Morality dictates universal principles. If we act on principles that cannot be made universal, then the actions we perform are evil and we should be ashamed. On this ground, Israel should be as willing to bomb Beruit on the same principles it would use to bomb Tel Aviv. And America should use the same principles to decide the merits of putting a bomb on a building in Baghdad as it would use to put a bomb on a building in Boston.

Or they should be ashamed.

“But, Alonzo, you idiot! We are in a state of war! Only a moron would advocate such niceties in a state of war!”

Perhaps we should not be in a state of war. Perhaps being in a state of war is doing us more harm than good.

Yes, it is true that the use of civil courts and civil procedures to find and punish the guilty give the guilty certain advantages. There can be no doubt that the Bill of Rights in America has sometimes been used to the advantage of those who had no good intentions. And there are some who say that we need to do away with these civil liberties – that they are nothing but curtains behind which evil people may hide.

However, it has another effect. It gives the innocent a clear indication of where their interests lie.

Assume that you are an innocent person, and you wish to remain an innocent person, and you wish to entice your neighbors to be innocent persons – innocent in the sense that they, like you, follow the principle of “defend the innocent from those who would do them harm.”

In this country, we live in peace. We live in peace because we have civil liberties. The guilty can certainly hide behind these civil liberties. However, the innocent know on which side their bread is buttered. The innocent are wise enough that in this conflict we have a choice between siding those who do harm to the innocent, and those who respect the principle, “defend the innocent from those who would do them harm.”

These “civil liberties” that some treat with such contempt are a set of rules that say, “make sure that the people you harm are guilty, and that you do not end up doing harm to the innocent.” In such a system – in a system that respects “civil liberties” – such a huge portion of the population see the wisdom in being innocent that the nation can be at peace.

A society that does not care for civil liberties says, “We do not care whether you are guilty or innocent. We will make no effort to sort one from the other. We will not seek warrants based on probable cause. We will not hold trials. We will simply take who we please and do with them as we please and hope that some of them are actually guilty.”

Where there are no civil liberties, people have no particularly compelling reason to be innocent. In a region where the innocent are blown up along side the guilty, rounded up with the guilty, imprisoned with the guilty, and tortured with the guilty (only more so, because the innocent have nothing to bargain with), why not be guilty?

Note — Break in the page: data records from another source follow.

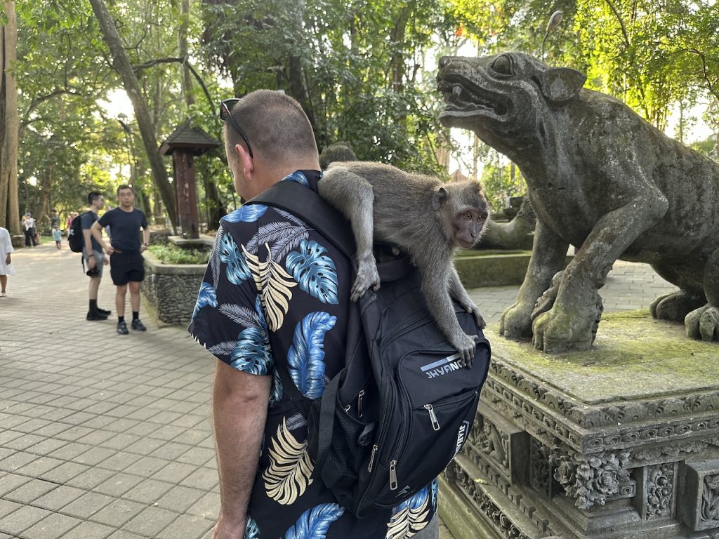 A few people left after they discovered that the monkeys were too much, but a few of us stuck around and got some fun photos. As my group was nearing the entrance, a monkey jumped on David’s back to investigate his backpack and see if he had any tasty treats.
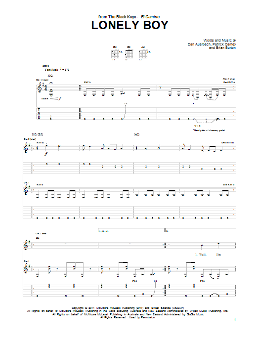 Download or print The Black Keys Lonely Boy sheet music, chords and digital score arranged for Guitar Tab. This Blues score includes 3 page(s).
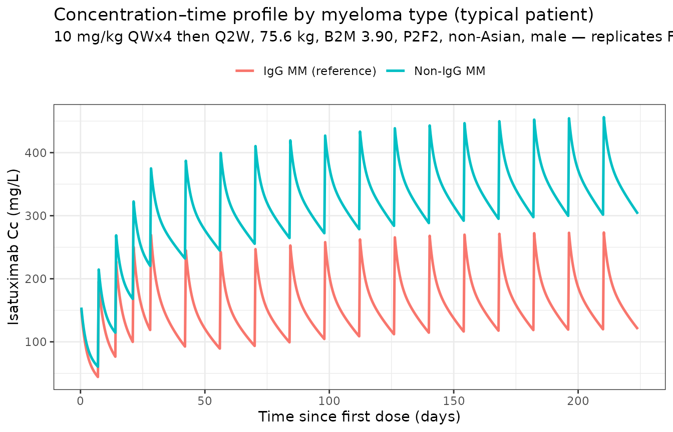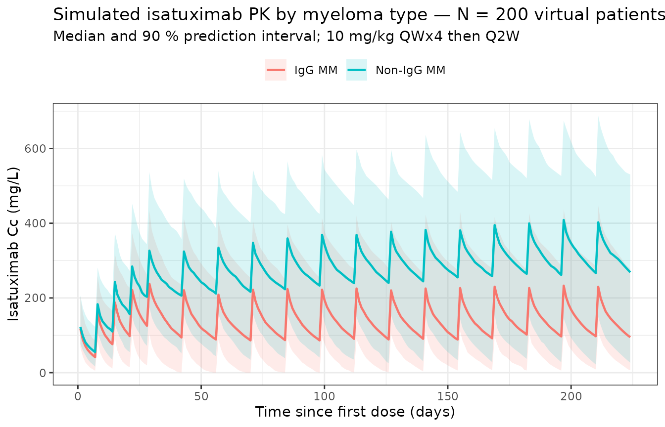 title = paste0("Simulated isatuximab PK by myeloma type — N = ", n_subj,
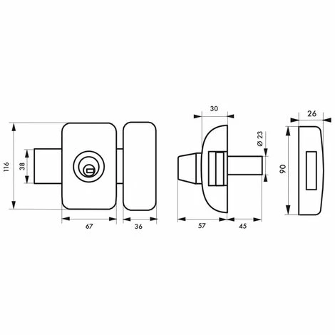 Le Verrou Universel est équipé d’un cylindre laiton a 5 goupilles avec une protection contre l’arrachement du cylindre par pilier et cavalier, fournit avec 3 clés. Le coffre, la gâche et le pêne sont en acier.
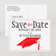 Schicken Sie dieses rote, schwarze und weiße "Save the Date" für Ihre Klasse-Wiedersehen auf dieser Vorlage Postkartenankündigung ab. Personalisieren Sie den Text in den Vorder- und Rückseite der Vorlage, oder klicken Sie auf Anpassen, um den gewünschten Schriftstil, die gewünschte Schriftgröße und Farbe auszuwählen.
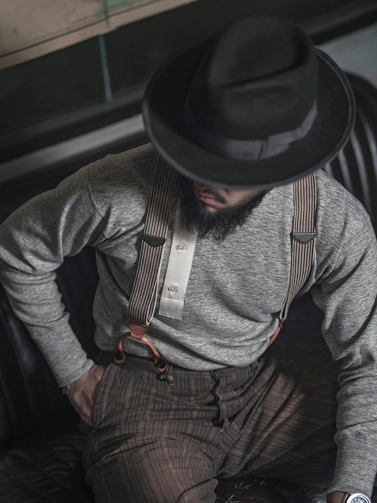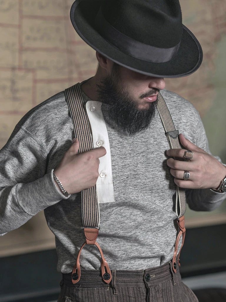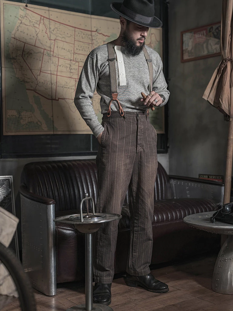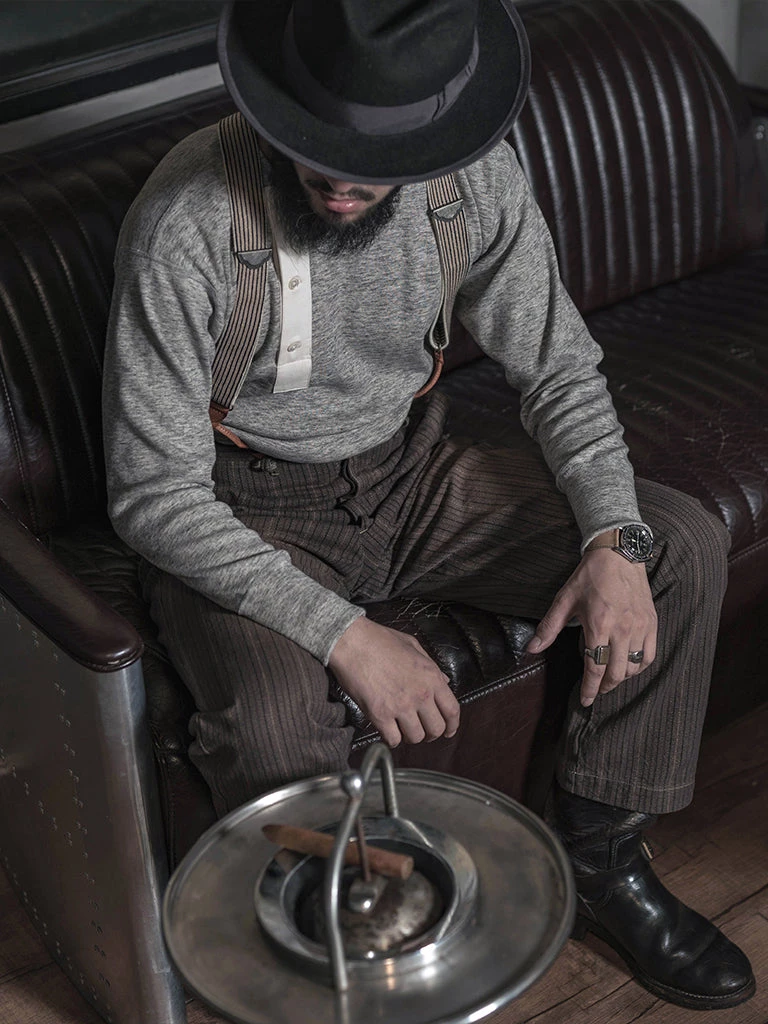 This Henry t-shirt is made of heavyweight cotton thread fabric. According to old-time underwear standards, with four-needle six lines sewing, it’s very comfortable to wear. It’s a broad shoulder cut and a threaded hem, appears in an inverted triangle, flatter the figure even more. It works well with old-style suspenders, denim overalls, military pants, and various overalls and military coats.
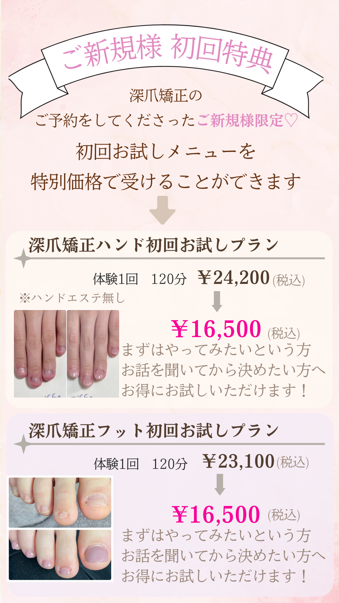 LINEを登録後、お名前とご相談内容や、お爪のお写真をお送りください。 ご予約をされる際はLINEメニューにある『ご予約はこちら』から「モニター価格」を選択しご予約できます。 (※時間に限りがありますので、お早目のご予約をおすすめしております。) |
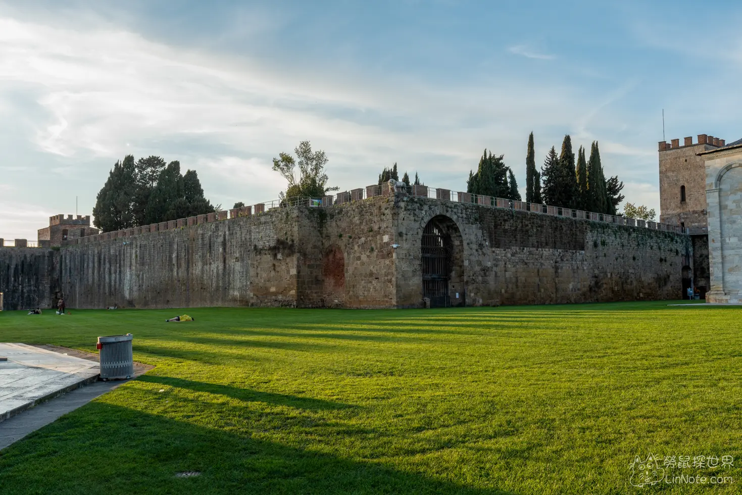 始建於 1155 年。那時候比薩是地中海的海上霸主(與威尼斯齊名),為了保護城市的財富和教堂,他們花了好幾個世紀蓋了這圈長達 3 公里、高約 11 公尺的防禦工事,它是義大利現存最完整的古城牆之一。
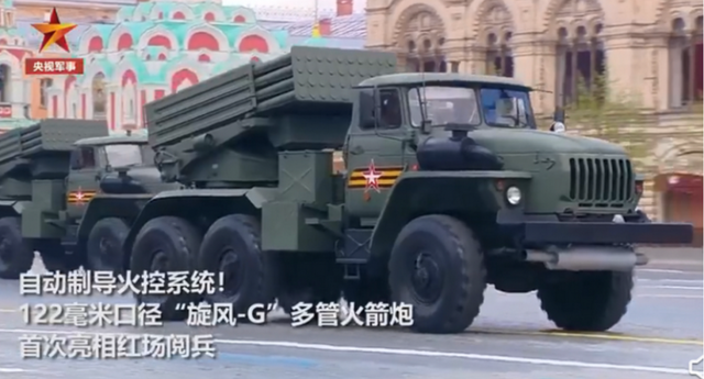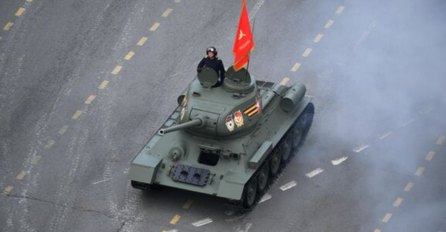 与往年一样,打头阵的依然是被誉为“传奇坦克”的T-34坦克。T-34坦克因性能可靠、操作简单等优点深受好评,曾在二战中立下汗马功劳,是胜利日的象征。此外,配备有自动制导和火控系统的122毫米口径“旋风-G”多管火箭炮系统今年首次亮相红场。

“But, Alonzo, there is still a clear moral difference between us and them. They target the innocent for death. We only target the guilty.”

A sniper takes a position on the roof of an apartment building. He takes deliberate aim at an innocent person and shoots. That is evil. In retaliation, “we”, who call ourselves the good guys, drop a bomb on the building, “targeting the sniper”, but killing 100 people living in the building and wounding another 200.

Could somebody please explain to me, in this case, the great moral merit to be found in “targeting the innocent” and “targeting the guilty, but harming the innocent to such great affect?”

Do you want peace? Try this. Adopt the principle that one is to protect the innocent – all innocent – from those who will do them harm. Adopt a system of civil liberties (warrants and trials) that say that you will take pains to separate the innocent from the guilty. Give the innocent people of the world a reason to take sides. There will still be criminals. Those criminals will sometimes do harm. However, innocent people will, for once, be given a clear choice.


Hume's Ghost said...

I'm currently reading Among the Dead Cities by British philosopher A.C. Grayling. In it he examines Allied area-bombing of civilian targets during WWII to see if it can be morally justified.

I wish our leaders would read it.

vjack said...

"I wish to let it be known that, in this current conflict, if one had to make a choice between Israel and its enemies, a person of good moral conscience would have to side with Israel." Why? I don't think it is ever this simple. Israel has committed its share of atrocities too. It has also target civilians. What makes these actions right when done by a U.S. ally?

vjack said...

I forgot to add this link. I think you might find it interesting:

Anonymous said...

I have to agree with vjack. While there are many innocent people in Israel, Israel as a political entity is far from innocent. I see little or no reason to prefer them to Hezbollah and Hamas. Both sides attack civilian proxies when it is too inconvenient to attack their real enemies (Israel because it can't find its enemies, and Hezbollah/Hamas because they are not well-equipped enough to fight openly).

Israel, as it presently exists, is a racist state. It proclaims - by its very name as well as by its policies and actions - the supremacy of one religious, cultural and ethnic group over all other inhabitants of that region of the world. Israel is not a free society that treats all people fairly. It is in need of, at least, serious political reform before it can be considered a regime worth preserving.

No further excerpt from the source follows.